Monday morning — a snapshot

The picture of FMC on a Monday morning:

Street band is practicing in the Music Box. Their melodies and rhythms drift all over campus.

An acting class is playing “Night at the Museum” on the lawn. Other campers are outside practicing 10 minutes of mindfulness for a different class.

The strains of flute music waft out of a 2nd story window as a staff member practices.

Inside buildings, out of sight but buzzing away, campers and staff are in lessons and ensembles, making all kinds of music.

The morning’s mist is burning away, and the sun is coming out — a hot, beautiful, musical day here at FMC. We are immersed in our final week and enjoying each other and the music we make together.

– Drea

What a weekend!

Dear loyal blog readers — sorry it’s been a few days. The weekend was so very full! But we had a wonderful time.

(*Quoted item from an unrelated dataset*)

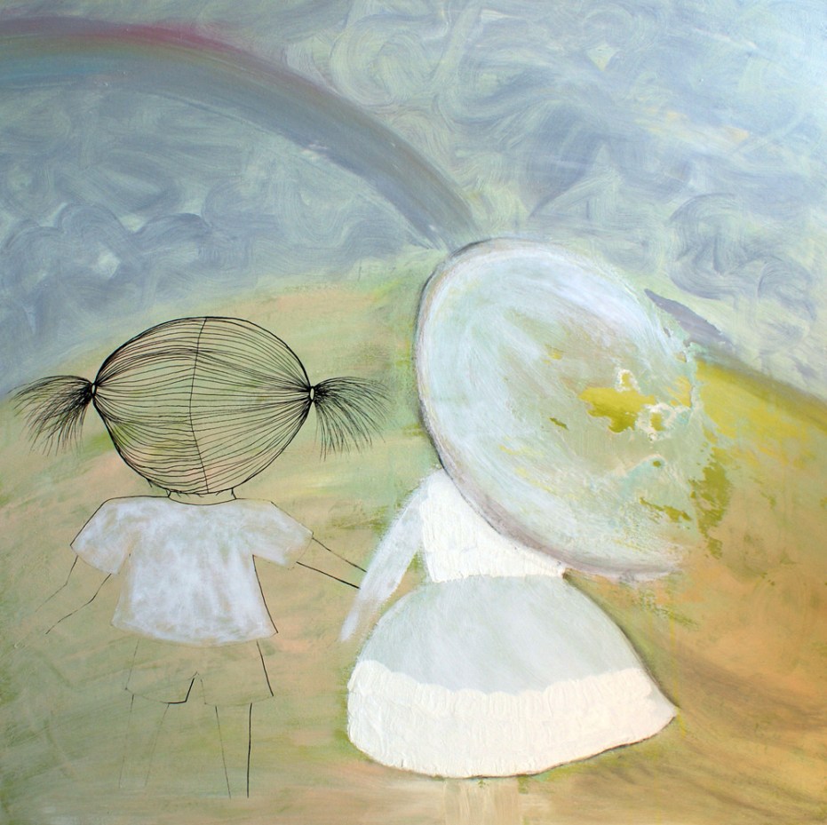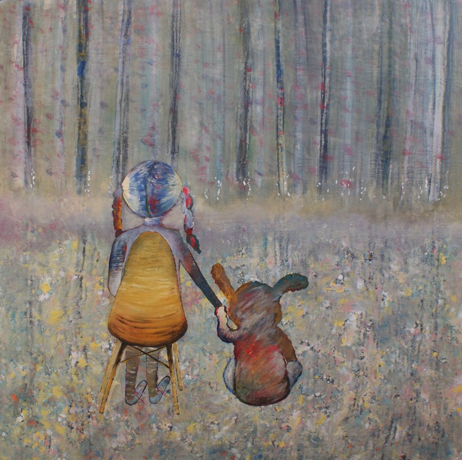 There is a particularly moving painting “The Friend”, in which a girl sits on a chair with a pet bunny next to her, both facing the forest. On this piece, Ivana comments: “What is true friendship about? What kind of person should the best friend be? As a little girl, I would dream about someone I could really trust, who would never leave me, who would listen to me patiently and feel with me the small miracles that others are not able to see, who would deeply understand me, who would never be afraid of an unknown forest, because I do. I wished my daddy to be my best friend, but he has never been. So I escaped into my fantasy and my dreams to avoid admitting to myself the reality of the world. I depicted an eternal friendship. I painted a friend who waits patiently, never leaves you, is not afraid of an unknown forest, who listens to you, watches your small private miracles and understands you without words.”
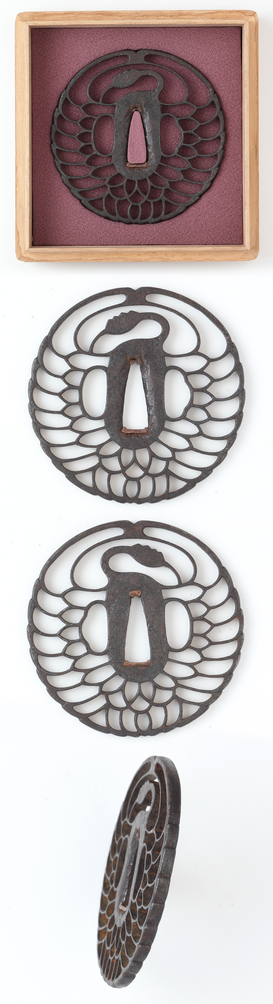 Special feature:Tsurumaru shape iron tsuchimeji sukashi tsuba with tsurumaru shape engraved. The feather openwork is elegant.

The middle weekend has traditionally started a little early, with Friday’s canoe trip on the Tuscarawas River about 80 miles north of here. We lucked out with the weather when a passing storm only sent down one thunder-lightning combo before moving out of our way and letting us get on the river. With the water high, it was a fast and fun trip.


Feast setup

Then on Saturday, we had our annual feast and good bye to the two-week campers. One of them performed the very poignant “You’re Gonna Miss Me When I’m Gone” — which we all do, for sure.

For the first time in many years, we were able to have our post-feast campfire outside! For those of you who have been following past years, we’ve had some very clever inside setups involving fans and tissue paper, but it was very nice to be able to be outside and have a real fire.


Outside campfire. Hooray!

On Sunday, we had our second week big groups concert, followed by the two-weekers’ musical. They did a wonderful job — it’s hard to believe how much they can accomplish in just 10 rehearsals!

Now everyone’s getting ready for our benefit concert in Yellow Springs next weekend. If you’re in the area, we hope you’ll come see us. We’re making so much good music and really enjoying each others’ company.